Updated 27 November
In what seems to be a repackaging and repositioning of their remote care management/telehealth services, Intel-GE Care Innovations is now orchestrating Health Harmony. It appears on their promotional web page to be a bundling into that latest rave, the care continuum, but also a refreshing of separate systems developed since 2011: for the patient, an in-home tablet hub/portal for monitors and PC-based content portal once known as Connect; and for the clinician or caregiver, what was formerly called the Intel-GE Care Innovations Guide (which succeeded the Intel Health Guide). According to the CI website and press release from earlier this month, Health Harmony is an ‘optimized experience” that promotes collaboration among the patient, family, friends and care professionals and will “organize caregiving tasks, coordinate schedules, track medications, monitor vital signs and crucial health information, and quickly share information.” The release gives the impression of a launch but no information on cutting over current clients to the new system.

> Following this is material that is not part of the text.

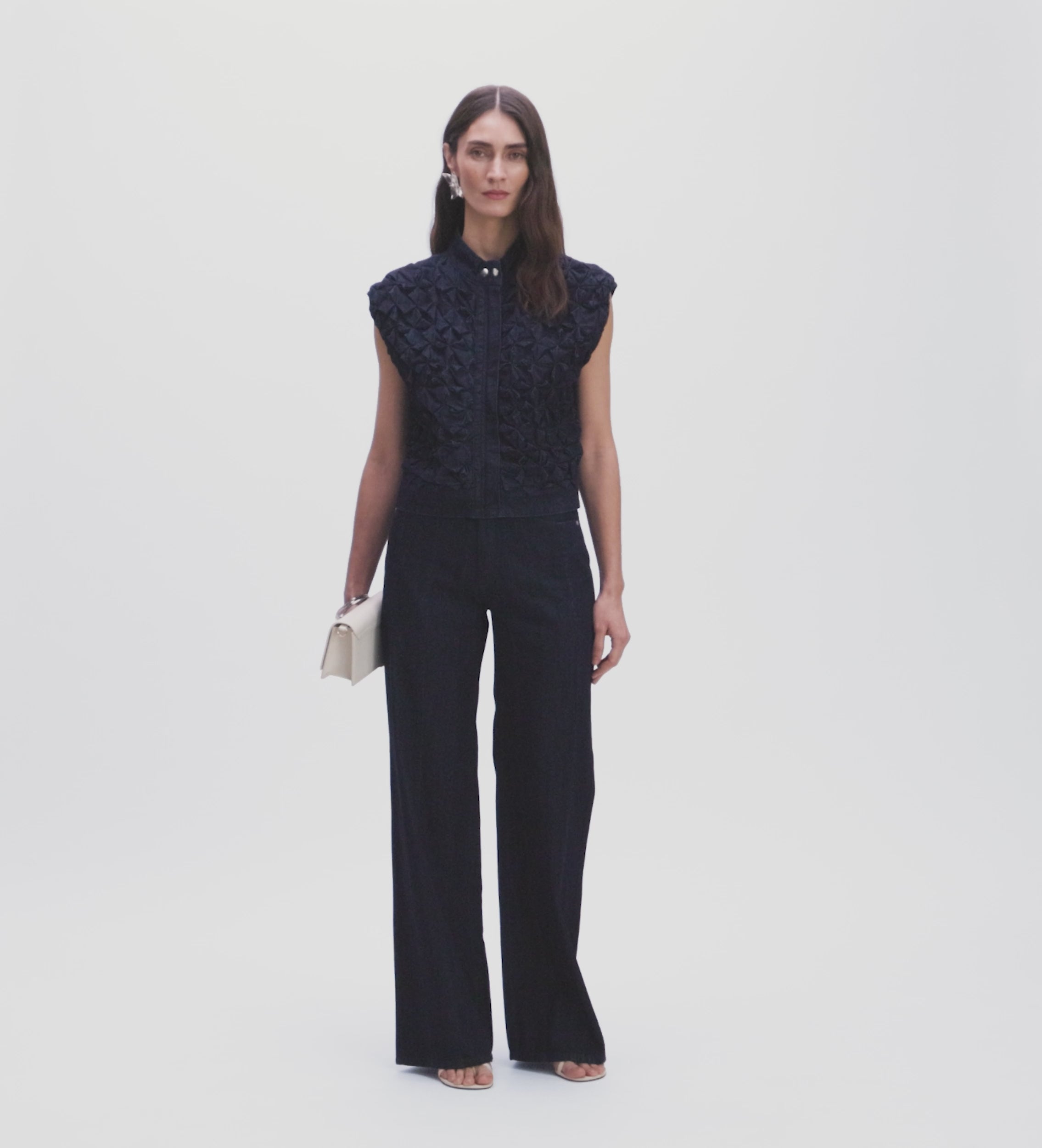 Five-pocket, wide-leg trousers made from a lightweight denim-type fabric. Waistband with belt loops. Concealed zip fly and button fastening. Double vertical topstitching detailing on the front.
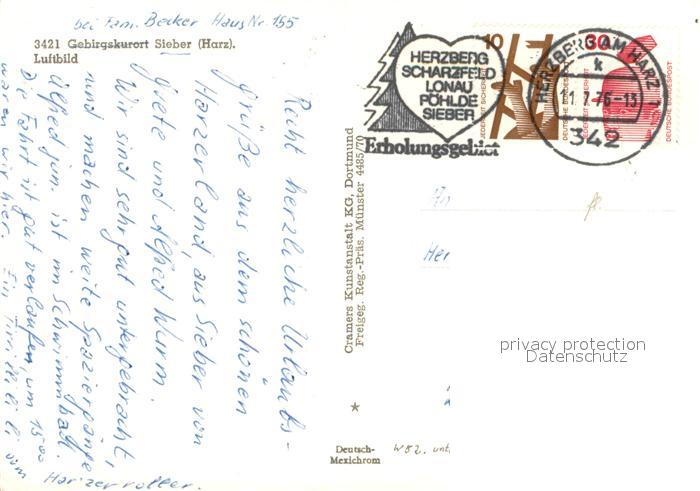 73740103 Sieber Herzberg am Harz Osterode Niedersachsen Fliegeraufnahme postalisch gelaufen Erhaltung siehe scans [FriedD77] alte Postkarte Frie Katcode 11110003156009

Update: A test of the Health Harmony system in a hospital environment to reduce readmissions is underway with liver transplant patients at the University of Cincinnati Medical Center. The shocking fact is that 50 percent of transplant readmissions occur within seven days of discharge. Instead of being discharged with a booklet and an exam one week later, the patients daily self-monitor vital signs (blood pressure, glucose, temperature), pain level and answer programmed questions. The clinical team reviews their data for 90 days post-discharge and can also do video consults. Currently eight patients are being monitored in the program with up to 20 projected through April 2015. Liver transplant bundled payments are approximately $250,000 with surgery being $180,000 of it, so there is an immediate benefit to the hospital system.
Another interesting development in Roseville, California is the expansion of the CI Validation Institute, announced in June,which recently announced Karissa Price-Rico, PhD, from The Trusted Hands Network home care, as well as a primarily academic and association-based Advisory Board today. (This Editor noted that Health 2.0 leader Matthew Holt is on the board, which will lead to high-energy meetings!) The CIVI’s purpose is to “ensure that vendors and consultants adhere to the highest standards of validity, and compete for their (population health) business on the basis of integrity and performance.” It also plans to provide certification for consultants and vendors, though that process has not yet been disclosed.
One would assume that certification would logically require disclosure of technology and business practices. Having an institute so closely tied to a competitor for most companies might seem a little too close for comfort. The chair of the Advisory Board is also the founding dean of the Jefferson School of Population Health at Thomas Jefferson University in Philadelphia; the CIVI recently donated $50,000 to the school.